Family rips plea deals in teen’s death

The sentencing of the last of three men responsible for the death of 19-year-old Tyrone Sero is scheduled to take place Oct. 23 in Kitsap County Superior Court, just over two years after the marijuana deal gone wrong.

It’s the final step in many months of bloodshed, tears and lengthy legal proceedings, and it’s still just as painful for the family and friends of the late Port Orchard teen. They say the results will not deliver justice for their loss after a lenient plea deal was agreed upon for all three suspects. “No, justice wasn’t served because all three deserve life without the possibility of parole,” Kyra Sero, Tyrone’s cousin, said following the sentencing of Kannon Anthony Stephens. “Kitsap County has failed yet another family.”

Sero went missing in October of 2021 after a planned meetup with Stephens for a sale involving marijuana. Surveillance footage obtained from cameras in a South Kitsap parking lot shows Sero getting into a vehicle and the initial struggle as he was pulled toward the back seats. Stephens confessed to law enforcement that he hid in the rear of the vehicle and shot the victim in the back of the head. The body was taken by him and his accomplices, Eli Malcom Gregory and Karlen Merle Talent, to a property in Mason County to be burned.
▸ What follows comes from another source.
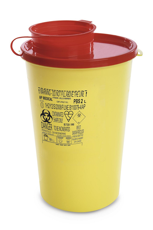 Contenitore PBS 2 lt per smaltimento aghi e rifiuti acuminati con coperchio - conf. 75 pz.
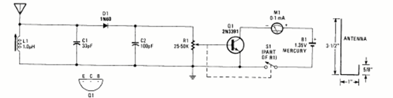 Encontrado en Special Projects de Radio Electronics de 1993, este circuito indicador analógico utiliza un amplificador de transistor. La indicación es para la banda de 27 MHz.

It was a brutal crime that Sero’s family now feels is getting the benefit of a soft prosecution team in Kitsap County. A plea deal dropped the initial murder charges brought against all three men, who instead pled guilty to lesser charges of manslaughter, robbery, unlawful imprisonment and assault, among others. As a result, Stephens received a sentence of just a little over 17 years. Talent received just 93 months. The same sentence of over seven years is now expected to be handed down in court to Gregory.

But the anger of Sero’s supporters continues to be kindled against Prosecuting Attorney Chad Enright and company for an apparent lack of empathy for the victim’s family and friends. Kyra Sero said in a statement directly to prosecutors:“…it’s yet again unfortunate that we stand before the courts as we’ve waited for justice to be served for the last almost 24 months, and this is the best you could do. As a prosecutor, you are here to do one job, and it seems you have forgotten what that job is.”